(MATERIAL TO PROCESS Opens)
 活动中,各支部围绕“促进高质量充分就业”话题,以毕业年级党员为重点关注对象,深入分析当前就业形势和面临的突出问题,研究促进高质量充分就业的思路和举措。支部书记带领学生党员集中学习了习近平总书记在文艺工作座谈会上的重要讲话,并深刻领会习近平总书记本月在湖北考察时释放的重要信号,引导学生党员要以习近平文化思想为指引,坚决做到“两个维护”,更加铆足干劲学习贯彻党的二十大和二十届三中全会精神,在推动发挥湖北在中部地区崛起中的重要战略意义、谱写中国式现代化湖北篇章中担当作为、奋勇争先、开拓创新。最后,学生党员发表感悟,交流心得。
(MATERIAL TO PROCESS Closes)
(MATERIAL TO PROCESS Opens)
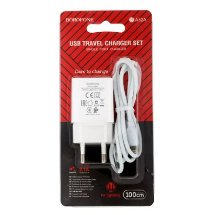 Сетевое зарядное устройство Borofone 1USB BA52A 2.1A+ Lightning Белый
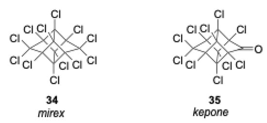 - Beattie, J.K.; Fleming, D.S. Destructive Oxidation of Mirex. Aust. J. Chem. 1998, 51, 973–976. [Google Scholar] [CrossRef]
(MATERIAL TO PROCESS Closes)
- _WHAT THE EXERCISE ASKS_:
Keep to the stretch from the line containing "Сетевое зарядное устройство" through the line containing "- Beattie, J.K.;", both ends included, and copy it exactly from the listing above, minus the pictures.

- _RESULT OF THIS TASK_:
 Сетевое зарядное устройство Borofone 1USB BA52A 2.1A+ Lightning Белый
 - Beattie, J.K.; Fleming, D.S. Destructive Oxidation of Mirex. Aust. J. Chem. 1998, 51, 973–976. [Google Scholar] [CrossRef]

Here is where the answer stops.